■ **EXERCISE DATA**

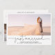 Just Married Elopement 4 Photo Reception Only Invitation - Announce your wedding after your elopement or private ceremony, and invite guests to your reception, with this trendy, modern 4 photo reception only after wedding celebration invitation card. Featuring one photo on the front placed behind a panorama opening, and 3 photos on the back, this design gives you many options. "just married" is written below in hand lettered script typography, for a fresh, casual look, along with your names, date and location. All text fields are completely customisable - colour, typeface, size, and text may be changed to suit your needs. The back of the card features all the invitation information and three vertical wedding photos. Copyright Anastasia Surridge, all rights reserved.
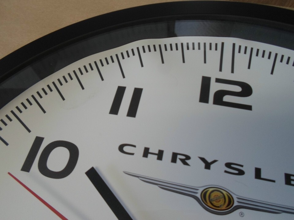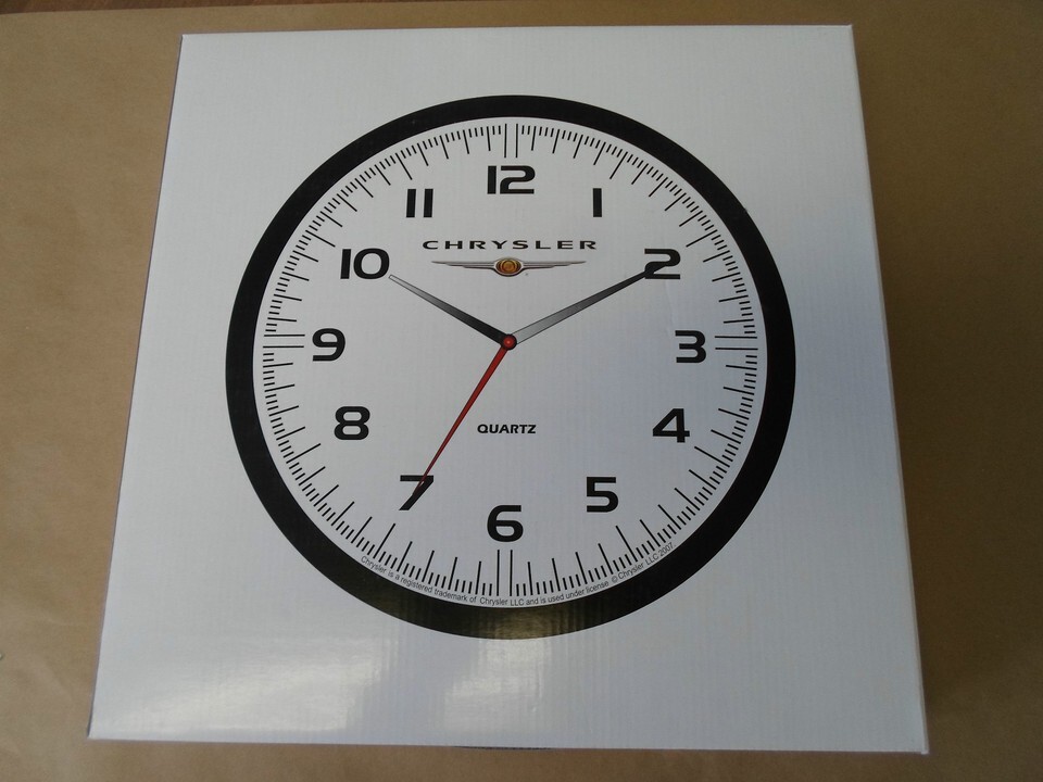Chrysler Logo Wall Clock Official Licensed Chrysler Quartz Black Frame White Background WARPED
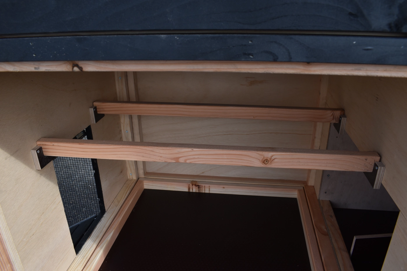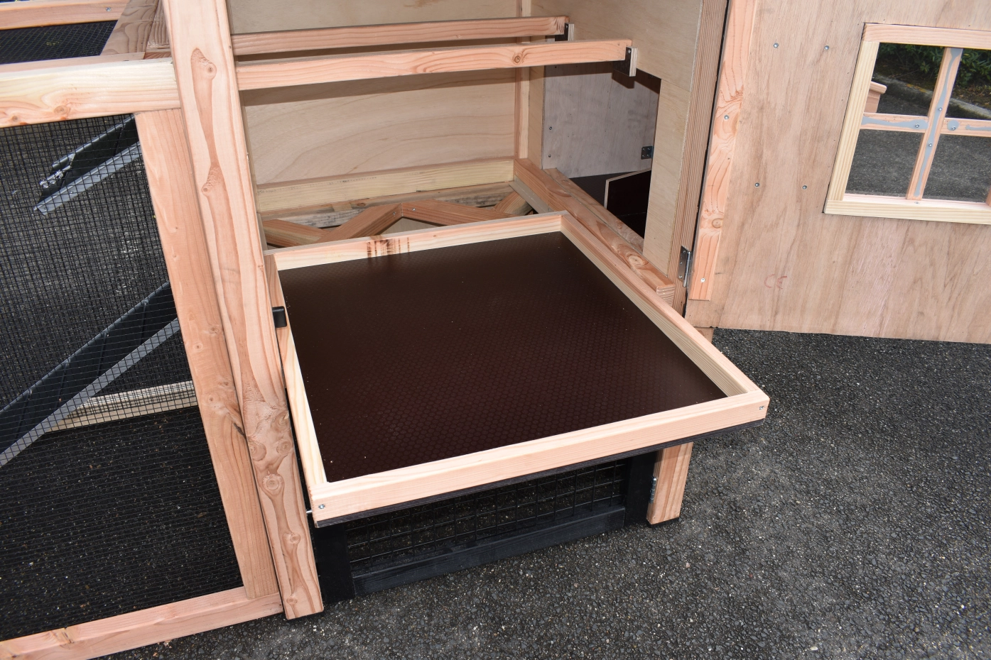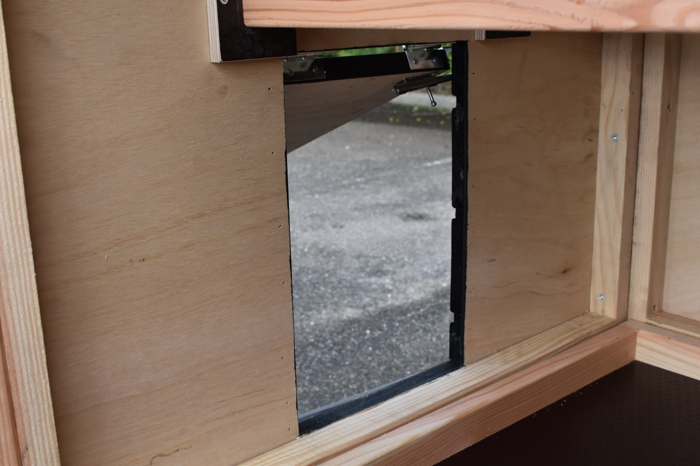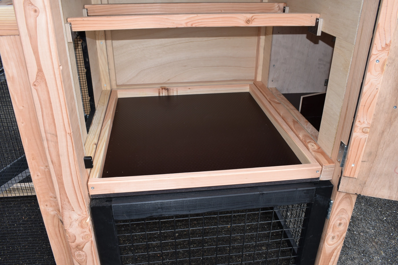 - De binnenkant van het nachthok is betimmerd met hardhout multiplex
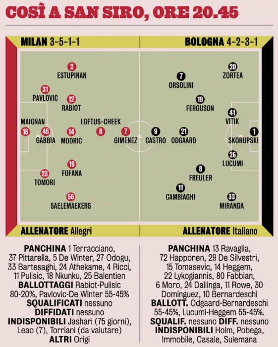 Основные проблемы «россонери» связаны с линией атаки, поскольку Рафаэл Леау еще не оправился от травмы икроножной мышцы, Кристиан Пулишич вернулся из США с мышечной усталостью, а Кристофер Нкунку не в полной мере восстановил свои физические кондиции.

■ **TASK DESCRIPTION**
In the answer, retype exactly and only the lines from the one holding "- De binnenkant" through the end of the listing, keeping both ends and dropping every picture.

■ **EXPECTED ANSWER**
 - De binnenkant van het nachthok is betimmerd met hardhout multiplex
 Основные проблемы «россонери» связаны с линией атаки, поскольку Рафаэл Леау еще не оправился от травмы икроножной мышцы, Кристиан Пулишич вернулся из США с мышечной усталостью, а Кристофер Нкунку не в полной мере восстановил свои физические кондиции.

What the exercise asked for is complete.